Game consoles don't do this kind of stuff for you automatically (they're a lot more like D3D12 already!), so big AAA games made for consoles are going to be designed to deal with harsh memory limits themselves. e.g. on a console that has 256MB of VRAM, the game will crash as soon as you try to allocate the 257th MB of it. There's no friendly PC runtimes/drivers that are going to pretend that everything's ok and start doing fancy stuff behind the scenes for you biggrin.png
The tricky part in doing a PC version is that you've got a wide range of resource budgets. On the PS3 version, you can just say "OK, we crash after 256Mb of allocations, deal with it", and do the best you can while fitting into that budget. On PC, you need to do the same, but also make it able to utilize 512MB, or 700MB or 1GB, etc... The other hard part that on PC, it's almost impossible to know how much memory any resources actually take up, or how much VRAM is actually available to you... Most people probably just make guesses based on the knowledge they have from their console versions.

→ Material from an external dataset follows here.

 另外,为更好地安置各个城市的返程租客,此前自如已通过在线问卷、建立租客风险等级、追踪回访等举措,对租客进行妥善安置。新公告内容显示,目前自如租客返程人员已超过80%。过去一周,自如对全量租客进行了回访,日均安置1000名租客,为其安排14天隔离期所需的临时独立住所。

that method would have to also be used -for example- when all of that larger-than-video-memory resource is being accessed by the GPU in the same, single shader invocation? Or that shader invocation would (somehow) have to be broken up into the subsequently generated command lists? Does that mean that the DirectX pipeline is also virtualized on the CPU?

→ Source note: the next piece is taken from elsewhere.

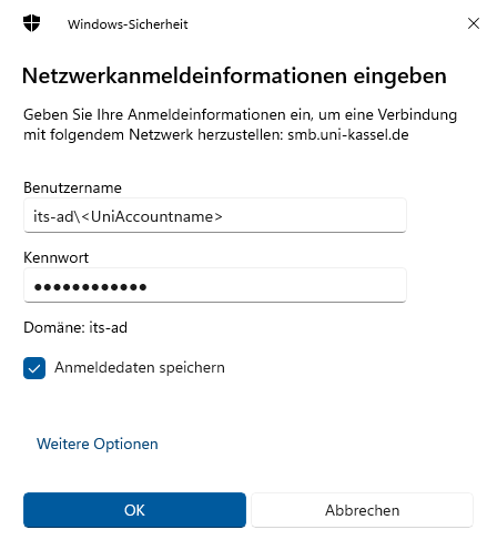 alternativ können Sie auch \\smb.uni-kassel.de\IhrUniAccount (z.B \\smb.uni-kassel.de\uk012345) eingeben.

I don't know if it's possible to support that particular situation? Can you bind 10GB of resources to a single draw/dispatch command at the moment?


I don't think the application will be allowed to use that DMA-based synchronisation method (or trick? ) that you explained.

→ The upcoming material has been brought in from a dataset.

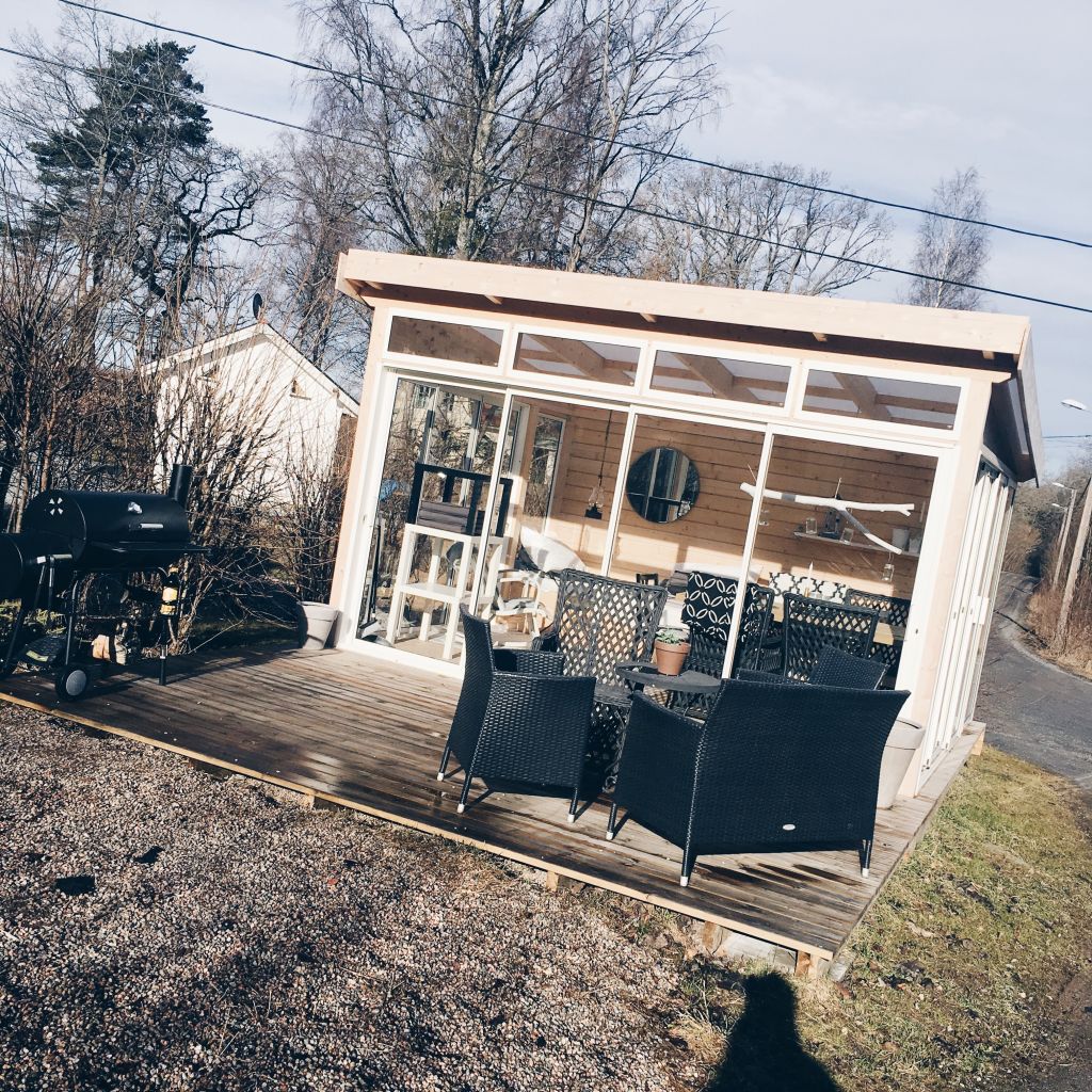 Uterummet stod där i solen så fint när jah kom hem. Du ser tre små bord uppepå varandra inne i uterummet, ja dom ska inte stå där inne. De ska stå utanför kaffestugan. Har söta små planer för dessa bord jag….

D3D12 damn well better expose the DMA command queues laugh.png nVidia are starting to expose them in GL, and a big feature of modern hardware is that they can consume many command queues at once, rather than a single one as with old hardware.


Wait. That's how tiled resources already work

Tiled resources tie in with the virtual address space stuff. Say you've got a texture that exists in an allocation from pointer 0x10000 to 0x90000 (a 512KB range) -- you can think of this allocation being made up of 8 individual 64KB pages.
Tiled resources are a fancy way of saying that the entire range of this allocation doesn't necessarily need to be 'mapped' / has to actually translate to a physical allocation.
It's possible that 0x10000 - 0x20000 is actually backed by physical memory, but 0x20000 - 0x90000 aren't actually valid pointers (much like a null pointer), and they don't correspond to any physical location.
This isn't actually new stuff -- at the OS level, allocating a range of the virtual address space (allocating yourself a new pointer value) is actually a separate operation to allocating some physical memory, and then creating a link between the two. The new part that makes this extremely useful is a new bit of shader hardware -- When a shader tries to sample a texel from this texture, it now gets an additional return value indicating whether the texture-fetch actually suceeded or not (i.e. whether the resource pointer was actually valid or not). With older hardware, fetching from an invalid resource pointer would just crash (like they do on the CPU), but now we get error flags.
This means you can create absolutely huge resources, but then on the granularity of 64KB pages, you can determine whether those pages are physically actually allocated or not. You can use this so that the application can appear simple, and just use huge textures, but then the engine/driver/whatever can intelligently allocate/deallocate parts of those textures as required.